Le due decisioni interlocutorie (qui e qui i file in PDF), pubblicate dalla Prima Sezione Civile della Suprema Corte tre giorni fa (il 18 luglio 2025), riconoscono esplicitamente l’esistenza di un contrasto interpretativo e chiedono alla Presidenza della Corte di valutare il rinvio della questione alle Sezioni Unite, secondo quanto richiesto dal Pubblico Ministero e dagli stessi ricorrenti.
“È una notizia rilevante, poiché riguarda un numero enorme di discendenti di emigrati italiani (principalmente negli Stati Uniti, ma anche in Argentina e in altri Paesi) che hanno dovuto acquisire la cittadinanza del Paese di emigrazione per poter lavorare,” dichiara Mellone. “Il numero dei potenziali interessati da questa futura sentenza delle Sezioni Unite della Cassazione è molto più alto rispetto a quello dei discendenti coinvolti nel caso della ‘grande naturalizzazione brasiliana’.”
Secondo il giurista, il rilievo del giudizio dipende anche dal fatto che la Suprema Corte si era già espressa in maniera univoca contro il riconoscimento della cittadinanza in questi casi — e ora potrebbe cambiare orientamento. “Raramente la Suprema Corte cambia idea dopo diverse sentenze univoche sullo stesso tema,” osserva Mellone.
Uno degli aspetti più delicati, secondo l’avvocato, è che entrambe le decisioni menzionano esplicitamente la nuova Legge n. 74 del 2025, che ha convertito in legge il Decreto-Legge n. 36 del 2025 — misura soprannominata “Decreto della Vergogna”. La Cassazione intravede la possibilità che le nuove regole possano essere applicate anche a procedimenti ancora pendenti, precedenti all’entrata in vigore della norma. “Anche la Corte Suprema solleva dubbi sull’applicabilità delle nuove regole ai casi già pendenti prima dell’entrata in vigore del ‘Decreto Tajani’ e chiede che la questione venga discussa dalle Sezioni Unite,” sottolinea l’avvocato.
“È una ulteriore conferma della necessità che la Corte Costituzionale si pronunci quanto prima sull’applicabilità della nuova legge ai casi anteriori alla sua entrata in vigore e, soprattutto, sulla sua incostituzionalità,” conclude Mellone.

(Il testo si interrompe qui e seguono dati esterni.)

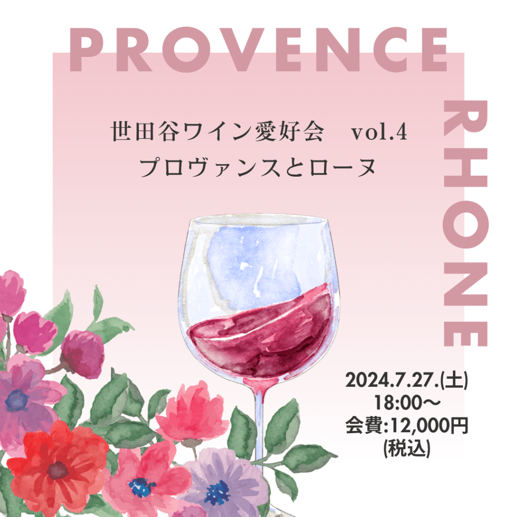 さて、先日告知しました世田谷ワイン愛好会ですが、今回はプロヴァンス、ローヌ地方のワインと郷土料理ということで、会費は12,000円となっております。

Nei due procedimenti, i tribunali inferiori avevano negato il riconoscimento della cittadinanza a discendenti di italiani il cui padre (nato negli Stati Uniti rispettivamente nel 1931 e nel 1933) avrebbe perso la cittadinanza italiana durante la minore età, a causa della naturalizzazione della madre — emigrata italiana — negli anni ’40. Entrambe le sentenze ora impugnate si basavano sulla tesi secondo cui la perdita della cittadinanza del genitore si estenderebbe automaticamente al figlio minorenne, anche se questi avesse già acquisito la nuova cittadinanza iure soli alla nascita.
Il nodo interpretativo ruota ora attorno al verbo “acquisire” utilizzato nell’articolo 12, che secondo Mellone e i ricorrenti non può essere inteso come “possedere già dalla nascita”. Le decisioni riconoscono che tale interpretazione solleva un legittimo e profondo dubbio sulla correttezza della linea finora dominante nella giurisprudenza italiana.

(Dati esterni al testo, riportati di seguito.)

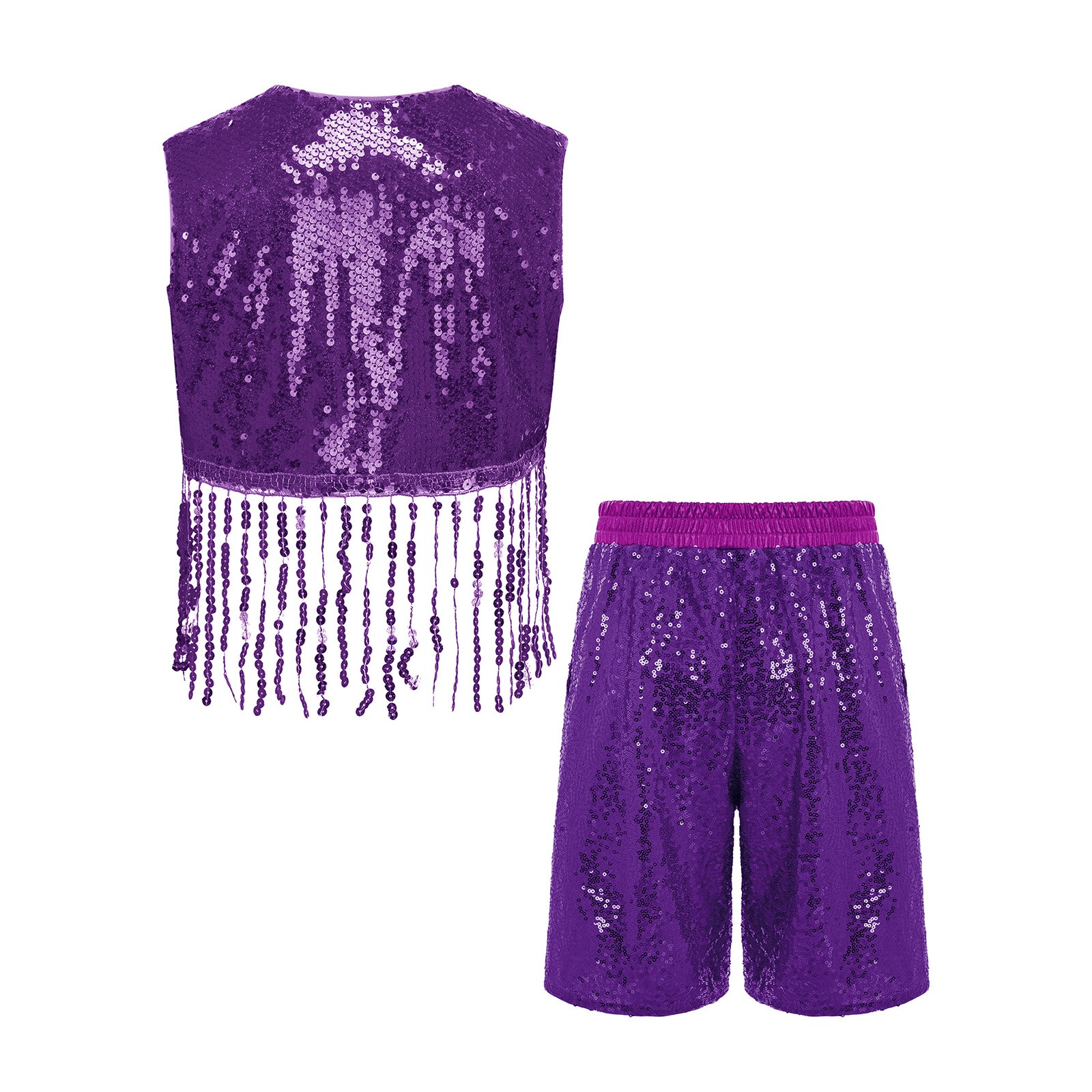 Kids Sequin Vest Samba Shorts Set Dancewear Jazz Dance Crop Top Outfits Salsa

I giudici ricordano inoltre che, nel corso dei decenni, lo stesso Ministero dell’Interno — attraverso circolari come la K.28.1 del 1991 e la Circolare n. 9 del 2011 — ha riconosciuto la validità della doppia cittadinanza per nascita e la non applicabilità dell’articolo 12 in questi casi.
Marco Mellone osserva che l’udienza potrebbe svolgersi ancora nel 2025, ma precisa che la convocazione dipenderà dalla decisione della Presidenza della Corte di Cassazione. Ricorda che le ultime occasioni in cui le Sezioni Unite hanno esaminato questioni di cittadinanza sono state nel 2009 (cittadinanza per via materna) e nel 2022 (grande naturalizzazione). E conclude: “Le decisioni delle Sezioni Unite sono quasi sempre seguite da tutti i giudici nazionali e possono indurre anche il Ministero dell’Interno a modificare la circolare n. 43347 del 3 ottobre 2024.”